The phase angle θ described above is an angle formed by the vector X and the d-axis. If the phase angle θ obtained for the output current and the output voltage is θi _out and θv _out , respectively, the levels of the output voltage and the output current are obtained. The phase difference φ can be obtained by Expression (1).
φ = θv _out −θi _out (1)
The phase difference calculation circuit calculates the phase difference φ between the output voltage and the output current according to equation (1). The power running regeneration determination circuit 17 includes a phase difference determination unit, and the phase difference determination unit determines whether the PWM cycloconverter is in a power running operation or a regenerative operation by the following determination method.

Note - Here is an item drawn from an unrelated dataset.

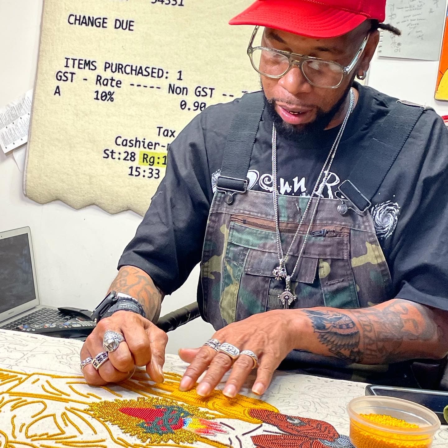 Big Chief Demond Melancon beading in his studio.
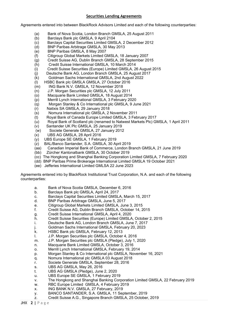 JHX 2 | P a g e Securities Lending Agreements Agreements entered into between BlackRock Advisors Limited and each of the following counterparties: (a) Bank of Nova Scotia, London Branch GMSLA, 25 August 2011 (b) Barclays Bank plc GMSLA, 9 April 2104 (c) Barclays Capital Securities Limited GMSLA, 2 December 2012 (d) BNP Paribas Arbitrage GMSLA, 30 May 2013 (e) BNP Paribas GMSLA, 8 May 2007 (f) Citigroup Global Markets Limited GMSLA, 18 January 2007 (g) Credit Suisse AG, Dublin Branch GMSLA, 28 September 2015 (h) Credit Suisse International GMSLA, 10 March 2014 (i) Credit Suisse Securities (Europe) Limited GMSLA, 26 August 2015 (j) Deutsche Bank AG, London Branch GMSLA, 25 August 2017 (k) Goldman Sachs International GMSLA, 2nd August 2022 (l) HSBC Bank plc GMSLA GMSLA, 27 October 2016 (m) ING Bank N.V. GMSLA, 12 November 2018 (n) J.P. Morgan Securities plc GMSLA, 12 July 2011 (o) Macquarie Bank Limited GMSLA, 18 August 2014 (p) Merrill Lynch International GMSLA, 3 February 2020 (q) Morgan Stanley & Co International plc GMSLA, 9 June 2021 (r) Natixis SA GMSLA, 29 January 2018 (s) Nomura International plc GMSLA, 2 November 2011 (t) Royal Bank of Canada Europe Limited GMSLA, 3 February 2017 (u) Royal Bank of Scotland plc (renamed to Natwest Markets Plc) GMSLA, 1 April 2011 (v) Santander UK Plc GMSLA, 25 January 2019 (w) Societe Generale GMSLA, 27 January 2012 (x) UBS AG GMSLA, 28 April 2016 (y) UBS Europe SE GMSLA, 1 February 2019 (z) BAL/Banco Santander, S.A. GMSLA, 30 April 2019 (aa) Canadian Imperial Bank of Commerce, London Branch GMSLA, 21 June 2019 (bb) Zürcher Kantonalbank GMSLA, 30 October 2019 (cc) The Hongkong and Shanghai Banking Corporation Limited GMSLA, 7 February 2020 (dd) BNP Paribas Prime Brokerage International Limited GMSLA 19 October 2021 (ee) Jefferies International Limited GMLSA 22 June 2023 Agreements entered into by BlackRock Institutional Trust Corporation, N.A. and each of the following counterparties: a. Bank of Nova Scotia GMSLA, December 6, 2016 b. Barclays Bank plc GMSLA, April 24, 2017 c. Barclays Capital Securities Limited GMSLA, March 15, 2017 d. BNP Paribas Arbitrage GMSLA, June 5, 2017 e. Citigroup Global Markets Limited GMSLA, June 3, 2015 f. Credit Suisse AG, Dublin Branch GMSLA, October 14, 2015 g. Credit Suisse International GMSLA, April 4, 2020 h. Credit Suisse Securities (Europe) Limited GMSLA, October 2, 2015 i. Deutsche Bank AG, London Branch GMSLA, June 7, 2017 j. Goldman Sachs International GMSLA, February 20, 2023 k. HSBC Bank plc GMSLA, February 12, 2013 l. J.P. Morgan Securities plc GMSLA, October 4, 2016 m. J.P. Morgan Securities plc GMSLA (Pledge), July 1, 2020 n. Macquarie Bank Limited GMSLA, October 3, 2016 o. Merrill Lynch International GMSLA, February 19, 2014 p. Morgan Stanley & Co International plc GMSLA, November 16, 2021 q. Nomura International plc GMSLA 03 August 2018 r. Societe Generale GMSLA, September 28, 2016 s. UBS AG GMSLA, May 26, 2016 t. UBS AG GMSLA (Pledge), June 2, 2020 u. UBS Europe SE GMSLA, 1 February 2019 v. The Hongkong and Shanghai Banking Corporation Limited GMSLA, 22 February 2019 w. RBC Europe Limited GMSLA, 4 February 2019 x. ING BANK N.V. GMSLA, 27 February, 2019 y. BANCO SANTANDER, S.A. GMSLA, 11 September, 2019 z. Credit Suisse A.G., Singapore Branch GMSLA, 25 October, 2019

-2π ≦ φ ≦ (−3/2) π, −π / 2 ≦ φ ≦ π / 2, (3/2) π ≦ φ ≦ 2π Power running (−3/2) π <φ <−π / 2, π / 2 <φ <(3/2) π Regenerative operation

In addition, it is selected whether to use the storage battery 8 or the regenerative capacitor 9 as an emergency power source with an operating tool or the like provided separately, and an operation signal indicating the selection result is output to the PWM cycloconverter device by the input / output device or the IO device. As a control switching signal, a selection signal for selecting whether to use the storage battery 8 or the regenerative capacitor 9 is used, for example, using a logical sum of the power running regeneration determination signal instead of the power supply abnormality detection signal. The power running regeneration determination signal may be used instead of the power running regeneration determination signal.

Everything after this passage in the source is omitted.